## GIVEN MATERIAL
==============================
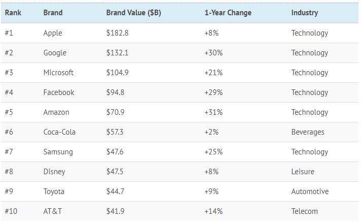 H Apple παραμένει το brand με τη μεγαλύτερη αξία, φτάνοντας φέτος τα 182,8 δισ. δολάρια, με τις υπόλοιπες 4 τεχνολογικές brands της πεντάδας να αυξάνουν σημαντικά την αξία τους επίσης: Google (+30%), Microsoft (+21%), Facebook (+29%) και Amazon (31%).
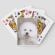Add more fun to your card games with this deck of playing cards featuring a smiling Bichon Frise.
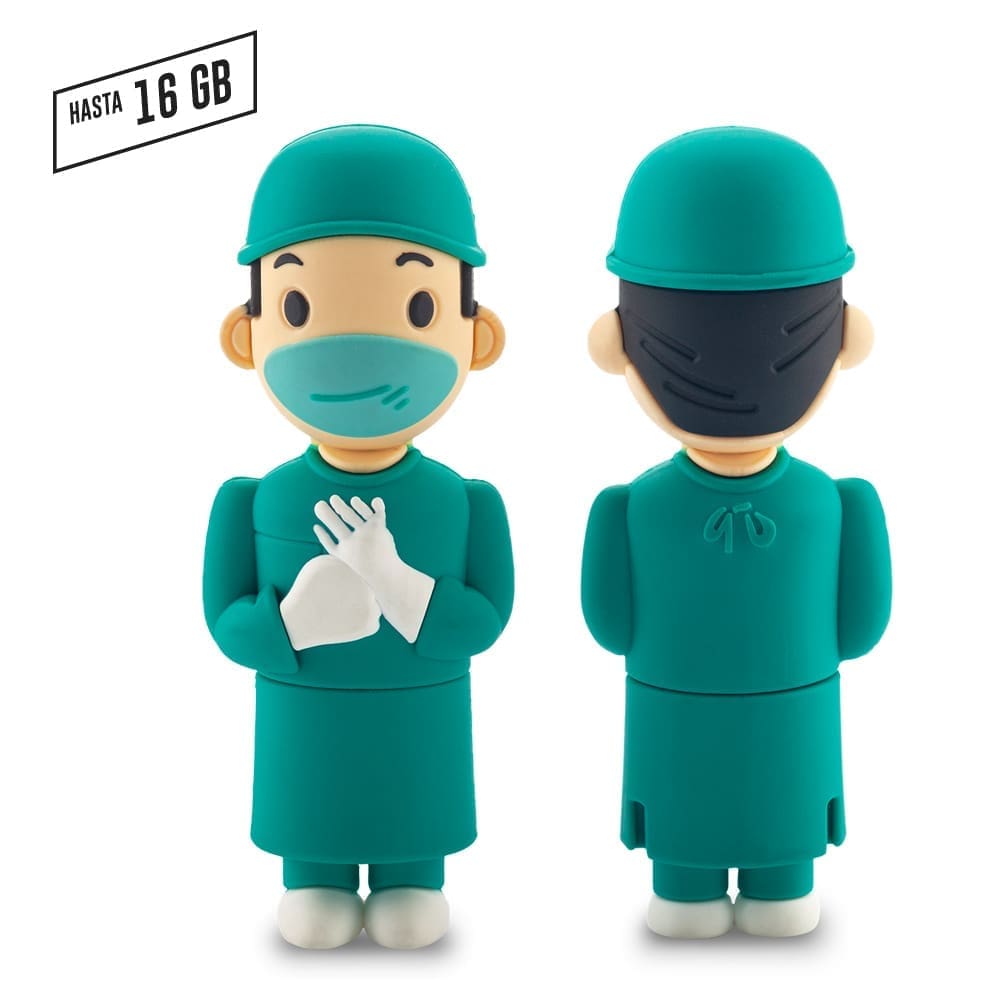 USB en PVC con forma de doctor, doctora y cirujano. Medidas: Doctor: 7.5 cm x 3.5 cm x 1.5 cm Cirujano / Doctora: 8 cm x 3 cm x 2.5 cm Marca: 1.5 cm / Tampografía Capacidad: 8 GB / 16 GB NOTA: Los tamaños de las memorias USB expresado en GB son aproximados, debido a que la capacidad de almacenamiento (que muestran en el empaque) está expresada en el sistema decimal. Tabla de Espacio Real Memoria de 4 GB en realidad contendrá 3,75 GB Memoria de 8 GB en realidad contendrá 7,23 GB Memoria de 16 GB en realidad contendrá 14,9GB Memoria de 32 GB en realidad contendrá 29,8 GB | ✅ Regalos empresariales personalizados con tu logo mediante tampografía, sublimación o grabado láser. ⚠️ El costo de marca se suma al precio del producto según la técnica de personalización elegida — puedes cotizarlo en línea directamente en markmelo.com. Envíos a Bogotá, Medellín, Cali, Barranquilla y todo Colombia.
==============================
## WORK ORDER
Please print the data above once more, exactly and without images.

## EXPECTED ANSWER
 H Apple παραμένει το brand με τη μεγαλύτερη αξία, φτάνοντας φέτος τα 182,8 δισ. δολάρια, με τις υπόλοιπες 4 τεχνολογικές brands της πεντάδας να αυξάνουν σημαντικά την αξία τους επίσης: Google (+30%), Microsoft (+21%), Facebook (+29%) και Amazon (31%).
Add more fun to your card games with this deck of playing cards featuring a smiling Bichon Frise.
 USB en PVC con forma de doctor, doctora y cirujano. Medidas: Doctor: 7.5 cm x 3.5 cm x 1.5 cm Cirujano / Doctora: 8 cm x 3 cm x 2.5 cm Marca: 1.5 cm / Tampografía Capacidad: 8 GB / 16 GB NOTA: Los tamaños de las memorias USB expresado en GB son aproximados, debido a que la capacidad de almacenamiento (que muestran en el empaque) está expresada en el sistema decimal. Tabla de Espacio Real Memoria de 4 GB en realidad contendrá 3,75 GB Memoria de 8 GB en realidad contendrá 7,23 GB Memoria de 16 GB en realidad contendrá 14,9GB Memoria de 32 GB en realidad contendrá 29,8 GB | ✅ Regalos empresariales personalizados con tu logo mediante tampografía, sublimación o grabado láser. ⚠️ El costo de marca se suma al precio del producto según la técnica de personalización elegida — puedes cotizarlo en línea directamente en markmelo.com. Envíos a Bogotá, Medellín, Cali, Barranquilla y todo Colombia.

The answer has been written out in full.